Meadowlark

als groep hebben de meadowlarken een vluchtige taxonomische geschiedenis gehad. Toen Carl Linnaeus in zijn epische 10e editie van Systema Naturae in 1758 de oostelijke Veldleeuwerik beschreef (de eerste van de veldleeuweriks die wetenschappelijk beschreven werd), dacht hij dat het gerelateerd was aan de oude wereldleeuwerik, en plaatste het daarom bij hen in het geslacht Alauda. In hetzelfde werk plaatste hij de Veldleeuwerik in het geslacht Emberiza. Minder dan tien jaar later beschreef hij de oostelijke moerasmerkaal opnieuw, ditmaal in het spreeuwengeslacht Sturnus, dat Juan Ignacio Molina ook gebruikte toen hij de langstaartmerkaal voor het eerst beschreef in 1782. In 1816 creëerde Louis Jean Pierre Vieillot het geslacht Sturnella en verplaatste de moeraswal naar zijn nieuwe taxon. De meeste taxonomisten accepteerden het nieuwe geslacht, en de westelijke meadowlark, Peruaanse meadowlark en Lilian ‘ s meadowlark werden allemaal in dit taxon geplaatst toen ze later werden beschreven. Toen Charles Lucien Bonaparte de weidewijnark en de weidewijnark van pampas beschreef, wees hij ze echter toe aan een ander nieuw geschapen geslacht — Trupialis, voor wat hij “grondspreeuwen” noemde; hij verplaatste de weidewijnark ook naar dat nu ter ziele gegane geslacht.In het begin van de 20e eeuw werden de grasparkieten weer gesplitst.
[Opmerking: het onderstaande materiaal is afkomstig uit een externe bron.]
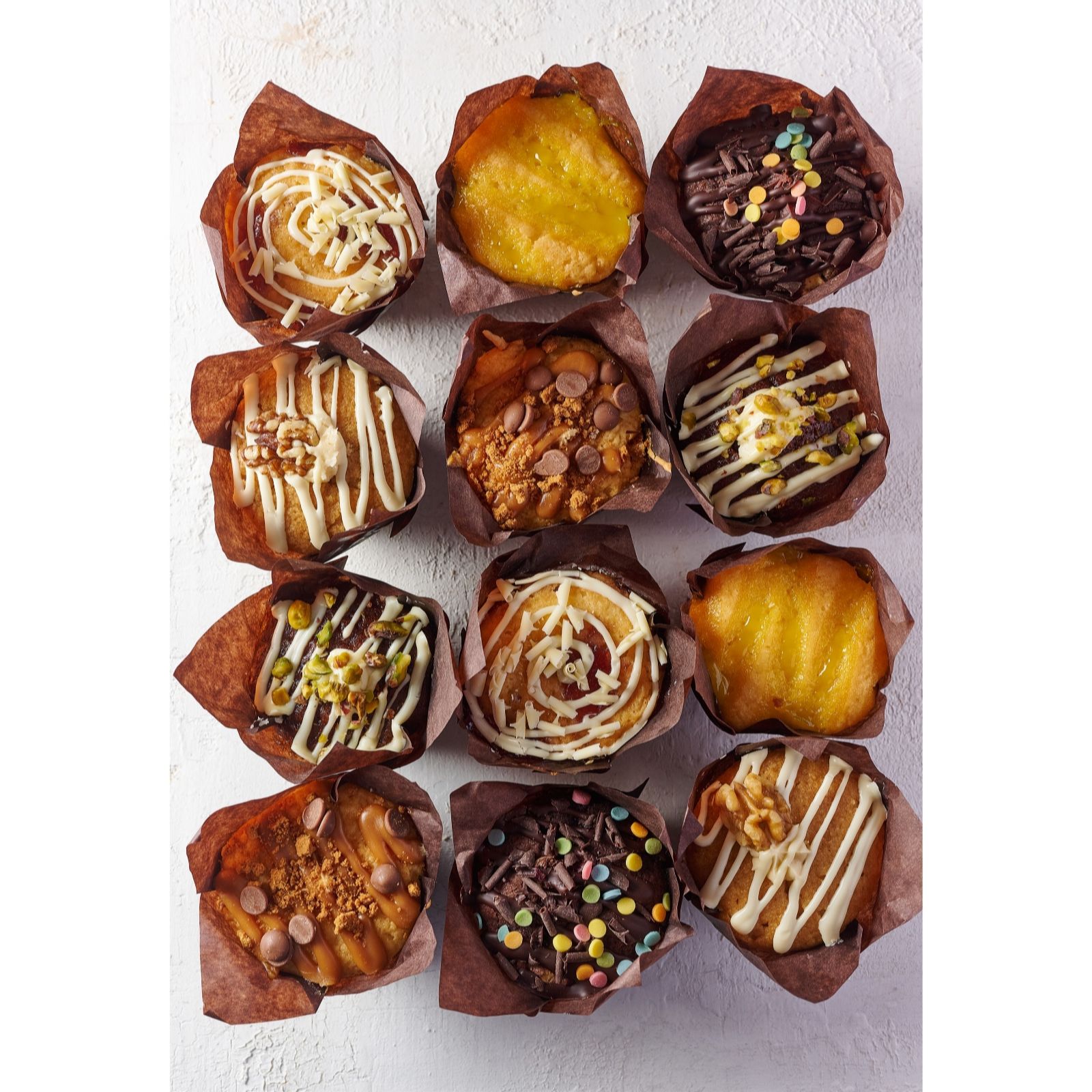 Indulge in the delightful flavours of The Original Cake Company's 12-piece Summer Muffins selection. This scrumptious set includes two each of Coffee Muffin, Lemon Drizzle Muffin, Triple Chocolate Muffin, Biscoff Muffin, Strawberry & White Chocolate Muffin, and Carrot Cake Muffin. Perfect for a summer picnic or a cosy afternoon tea, these muffins are made with quality ingredients and are suitable for vegetarians. Each muffin offers a unique taste experience, from the rich coffee frosting to the zesty lemon drizzle.

Alleen de “geelborstige” veldleeuweriken (oostelijke en westelijke veldleeuweriken, inclusief Lilian ‘ s) behoorden tot het geslacht Sturnella. De roodborstmot en witborstmot werden verplaatst naar het geslacht Leistes, terwijl de pampas-moerasmot, de Peruaanse moerasmot en de langstaartmot het geslacht Pezites vormden, dat in 1851 door Cabanis werd opgericht. Tegen het einde van de 20e eeuw werden alle moerasvogels weer op een hoop gegooid in het geslacht Sturnella. In 2017 werden alle roodborstsoorten verplaatst naar het geslacht Leistes.

Geef een antwoord

Het e-mailadres wordt niet gepubliceerd.